Nothing about social media is guaranteed, and the technology behind it keeps moving fast. Still, the way platforms and audiences are evolving gives us a pretty clear sense of where social media marketing is headed. These are a few trends worth watching.
AI and chatbots As social media has become a go-to customer service channel, more brands are using AI chatbots on their social profiles to answer common questions and route more complex issues to live support teams.
Advances in natural language processing have pushed chatbots well beyond simple scripted responses. Today’s AI-powered assistants can handle more natural back-and-forth conversations, offer tailored product suggestions and resolve routine issues without a human stepping in. While still meeting customers where they are, this reduces the volume of incoming calls and emails for many businesses. FYI
Many of the best call center software platforms now include AI chatbot tools or support them through third-party integrations. These systems are increasingly used for omnichannel communication, making it easier for businesses to manage social media messages alongside phone, chat and email in one place.
Brand advocates at work Not every brand has the budget — or the appetite — for influencer marketing. Instead, many are leaning on something simpler: their own employees.
When employees talk about their work or share content from their employer on social media, it often has more weight than a paid post. These are real people, using their own voices, with firsthand experience of the product or service. That credibility is increasingly difficult to acquire and difficult to fake. However, genuine employee advocacy is essential for its success. Audiences will quickly spot forced enthusiasm or copy-and-paste captions, especially when it all sounds the same.

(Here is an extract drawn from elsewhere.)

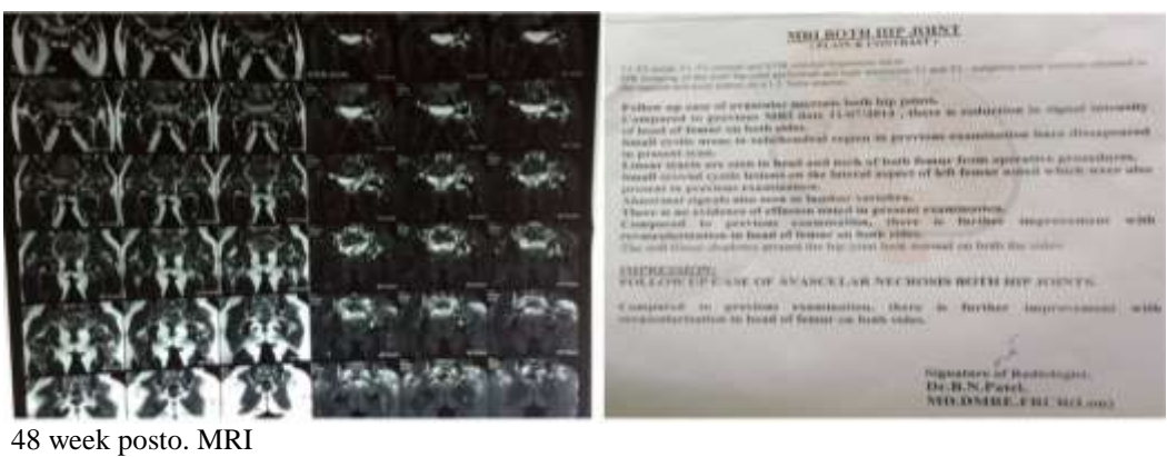
48 week postop. MRI

Employee engagement and a strong company culture matter here, as team members are much more likely to participate when they actually like where they work and feel comfortable speaking in their own words.

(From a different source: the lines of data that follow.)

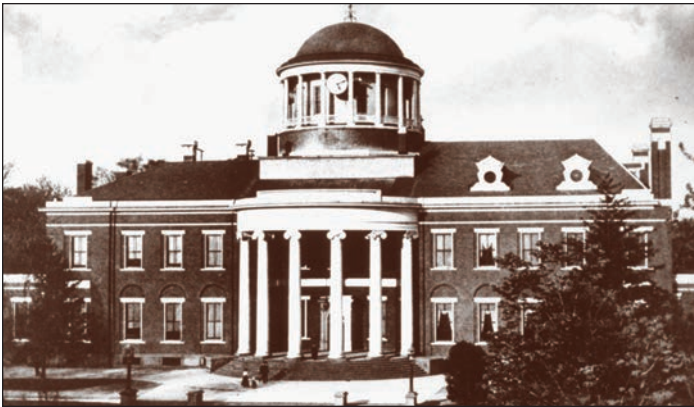
Harrisburg has been the capital of Pennsylvania since 1812. The main building of the original Capitol, pictured here, was destroyed by fire in 1897.
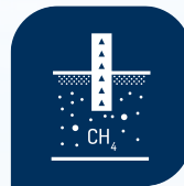
Methane Drainage and Utilization
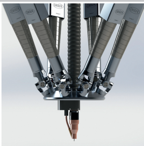
WIGPOD TIG WELDING FOR A PERFECT FINISH
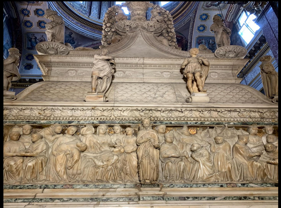
The arca of St. Dominic in Bologna.
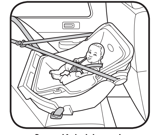
Rearward facing baby capsule.

The restraint must be properly installed and adjusted to fit the child's body.
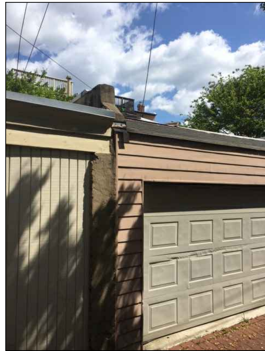
4 VIEW LOOKING NORTH AT EAST PARAPET NTS

Closed groups and private communities
As organic reach continues to shrink on public feeds, more brands are experimenting with smaller, private communities where they have more control over who sees — and responds to — their content.

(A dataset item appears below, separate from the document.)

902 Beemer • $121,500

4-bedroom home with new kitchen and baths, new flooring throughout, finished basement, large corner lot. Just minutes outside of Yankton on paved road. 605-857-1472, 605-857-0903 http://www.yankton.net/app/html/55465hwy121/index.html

On platforms like Facebook, LinkedIn, and Instagram, invitation-only groups may function more like member spaces than traditional social channels. When done well, these groups give brands a direct line to their most engaged customers and create room for more honest feedback, discussion and testing than a public post ever could.
Some businesses are also moving these conversations off major platforms entirely, using private community tools like Circle to host branded spaces with messaging, live events and member-only content. The objective is not to replace social media; rather, it is to establish a platform where engagement is unaffected by an algorithm. Live video events
Evergreen video still does a lot of heavy lifting for brands, but live video offers something pre-recorded content can’t: immediacy. When audiences know something is happening in real time, it feels more human and less polished, which is often the point.
Today, live video is less about chasing massive view counts and more about creating moments of access. For product walkthroughs, Q&A sessions, launches, and behind-the-scenes looks, brands are using live formats that encourage participation rather than passive viewing. When done well, these events help build trust and spark more meaningful engagement than a standard post.
While live events can take place on a variety of platforms, such as Twitch, TikTok, Facebook, LinkedIn, Instagram, and TikTok, relying too heavily on just one platform poses a risk. Live content should be distributed across multiple destinations or repurposed after the event, as platform rules, algorithms, and features frequently change.